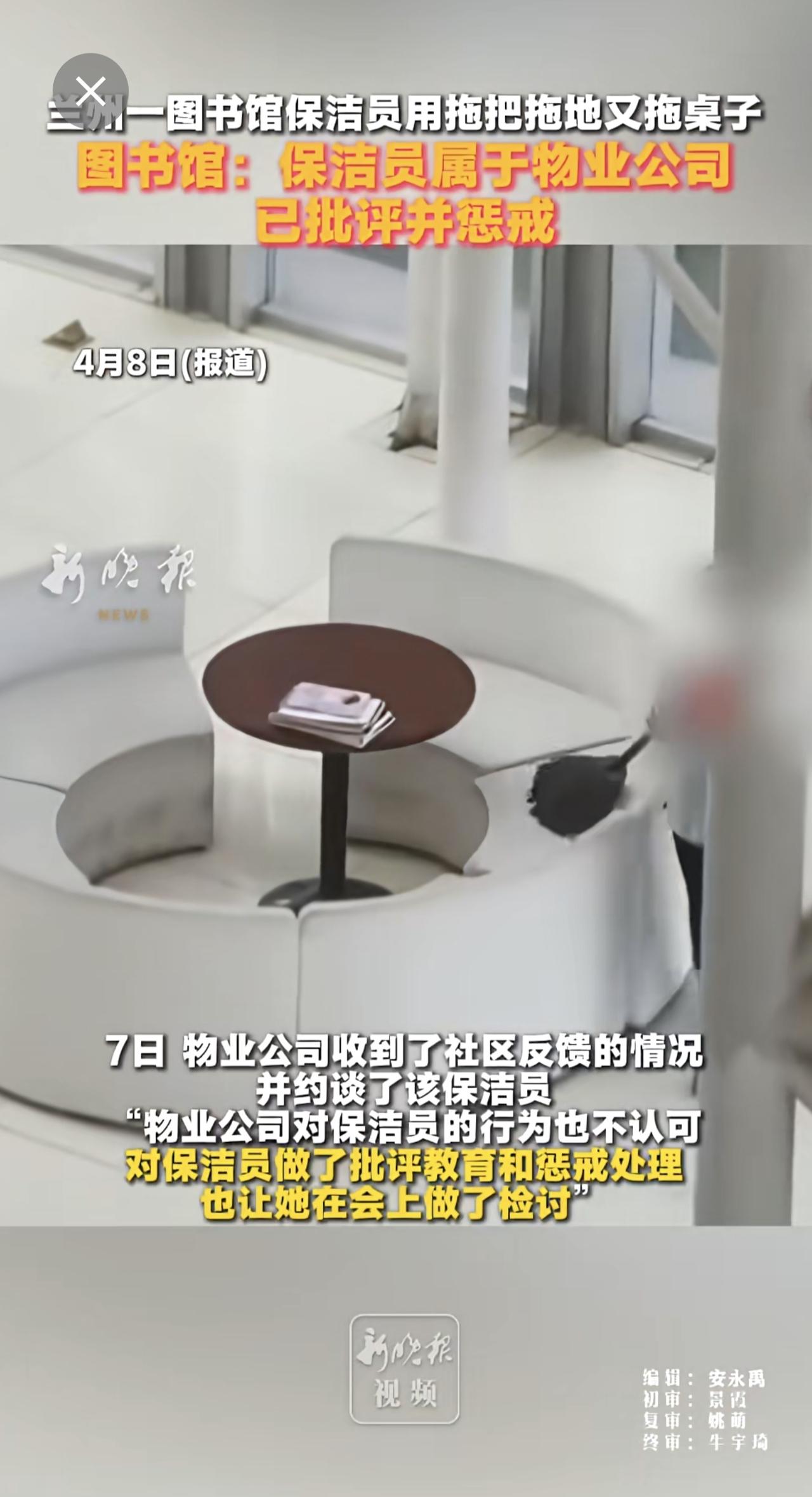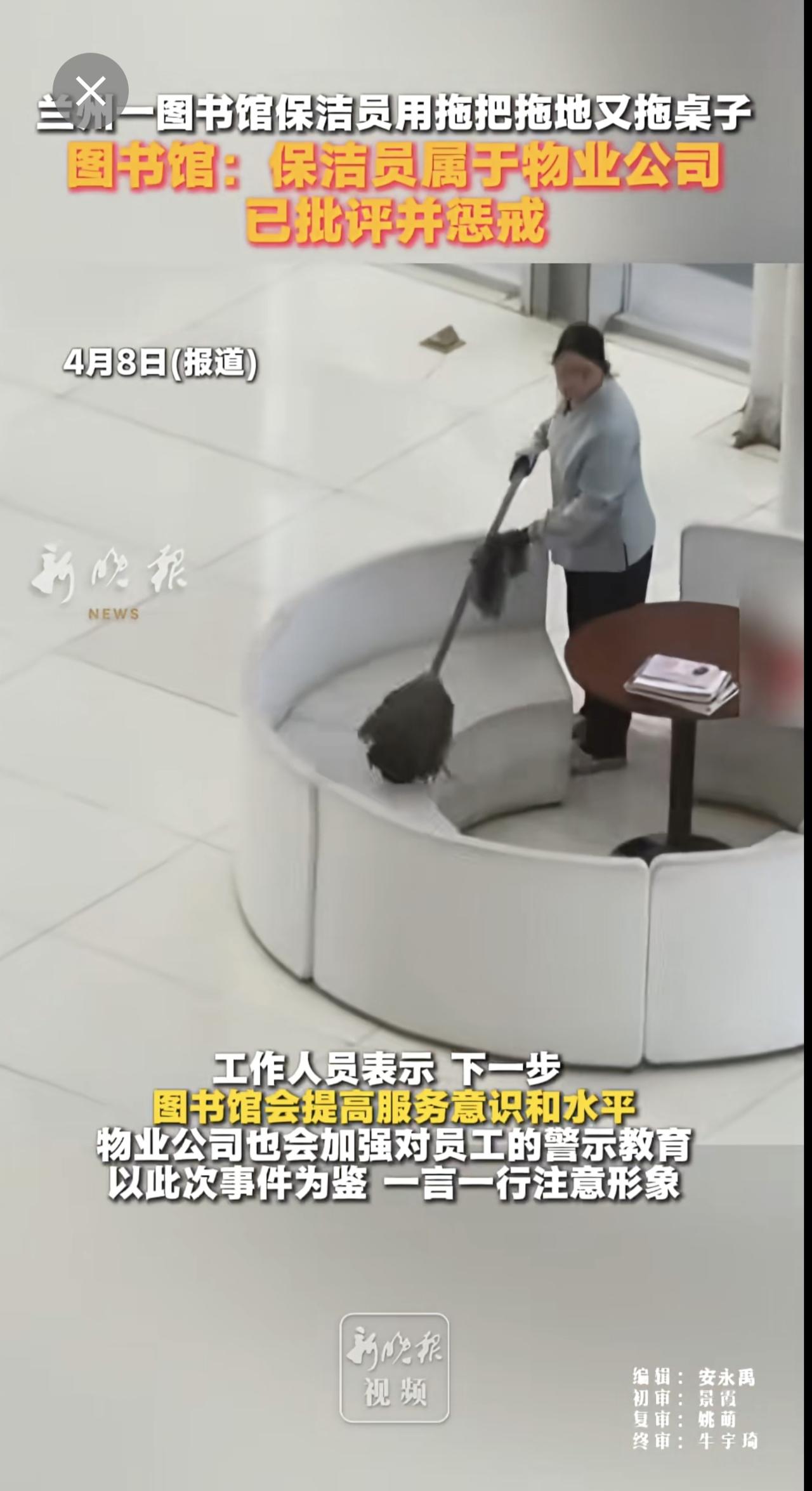 兰州一图书馆保洁员用拖把拖地又拖桌子,图书馆:保洁员属于物业公司,已批评并惩戒
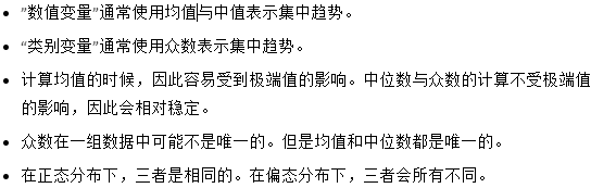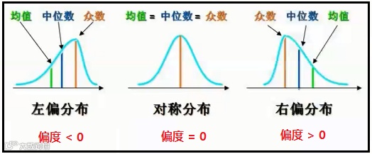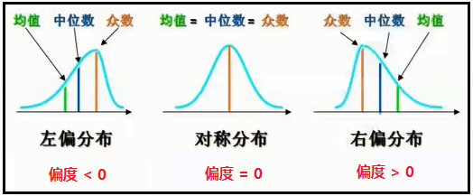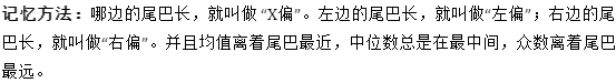 3)不同分布下,均值、中位数、众数三者之间的关系
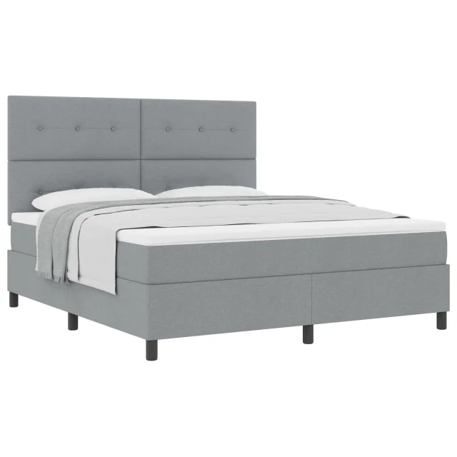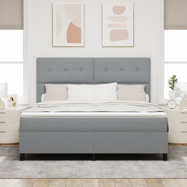 Ta postelja s pomičnim vzmetenjem združuje eleganco in praktičnost ter ponuja odlično rešitev za spanje v vaši glavni spalnici. Svetlo siva tkanina in močne borove noge dodajajo slog ter zagotavljajo trajnost in udobje.
======
ASSIGNMENT:
What you need to retype is every line from the one that has "3)不同分布下,均值、中位数、众数三者之间的关系" through the last line of the listing, both included, with the pictures left out.

EXERCISE RESULT:
 3)不同分布下,均值、中位数、众数三者之间的关系
 Ta postelja s pomičnim vzmetenjem združuje eleganco in praktičnost ter ponuja odlično rešitev za spanje v vaši glavni spalnici. Svetlo siva tkanina in močne borove noge dodajajo slog ter zagotavljajo trajnost in udobje.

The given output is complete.